A noite desse domingo (11) marcou um feito inédito para o cinema nacional: Wagner Moura consagrou-se como o primeiro artista do país a conquistar o troféu de Melhor Ator em Filme de Drama no Globo de Ouro. Entretanto, a aclamação em solo americano foi acompanhada por duras críticas do deputado Mario Frias (PL/SP), que atacou o intérprete, alegando que ele é “sustentado por um Estado corrupto”.

Através de suas redes sociais, o parlamentar e ex-integrante do elenco de Malhação acusou Moura de endossar regimes autoritários, mencionando inclusive a gestão atual do Brasil. Segundo Frias, o premiado ator “apoia ditaduras”:

“Esse sujeito posa de defensor da democracia enquanto apoia ditaduras como as de Maduro, Chávez e Lula, além de políticos que flertam abertamente com autoritarismo”, disparou o deputado.

A ofensiva continuou com críticas ao estilo de vida e às alianças políticas do protagonista de O Agente Secreto. Frias argumentou que o baiano “discursa contra o fascismo, mas se cala diante do fato de que é sustentado por um Estado corrupto e violento, que rouba dos mais pobres enquanto seus amigos bilionários, banqueiros e grandes empresários sugam até o último centavo do povo”.
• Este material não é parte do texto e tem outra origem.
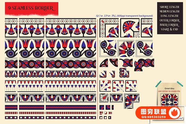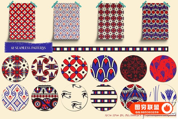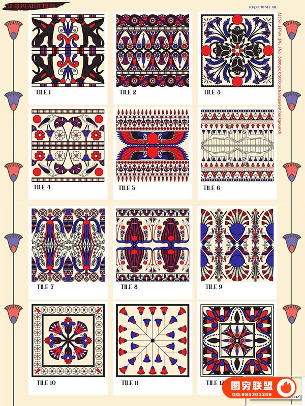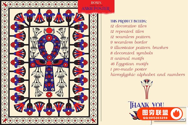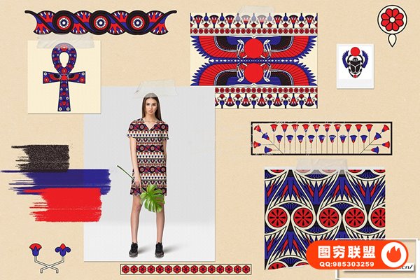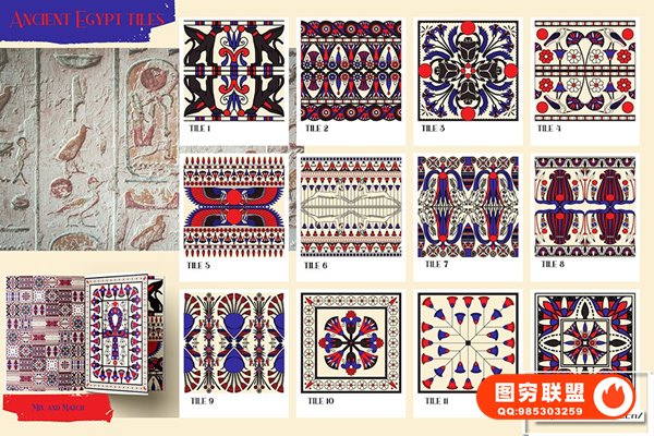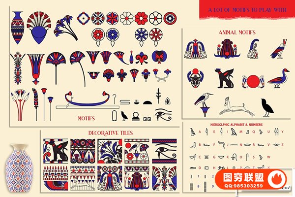 图穷联 » [矢量素材]100多款古埃及风情优雅神秘图形装饰符号图案纹理象形文字艺术设计矢量素材

O congressista, fiel aliado de Jair Bolsonaro, sugeriu ainda que o reconhecimento internacional é utilizado apenas como ferramenta de marketing pessoal: “Finge-se de revolucionário usando o nome do Brasil no exterior apenas para autopromoção. Ignora deliberadamente a existência de presos políticos morrendo na cadeia por crimes que sequer existem na Constituição”.
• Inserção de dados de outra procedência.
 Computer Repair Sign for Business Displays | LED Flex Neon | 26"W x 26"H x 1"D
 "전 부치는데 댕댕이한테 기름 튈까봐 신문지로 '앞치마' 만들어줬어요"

Ao finalizar sua investida, Mario Frias acusou Moura de hipocrisia econômica, afirmando que o ator transforma “discurso político em negócio lucrativo”:

“Critica a censura, mas vive confortavelmente nos Estados Unidos, usufruindo das liberdades do capitalismo que despreza, enquanto tenta impor ao próprio povo um ‘comunismo caviar’ que jamais aceitaria para si. No fim, não passa de um frango travestido de virtude: alguém que confunde caráter com performance moral e transforma discurso político em negócio lucrativo.”

Apesar da polarização política, a vitória de Wagner Moura deve-se ao seu papel no longa-metragem O Agente Secreto, dirigido por Kleber Mendonça Filho. A obra, situada nos anos 70, mergulha nas sombras da repressão militar brasileira a partir do Golpe de 64. Além da distinção individual, a produção garantiu o prêmio de Melhor Filme em Língua Não Inglesa, estabelecendo um recorde: é a primeira vez que o Brasil arremata duas estatuetas em uma única cerimônia do Globo de Ouro.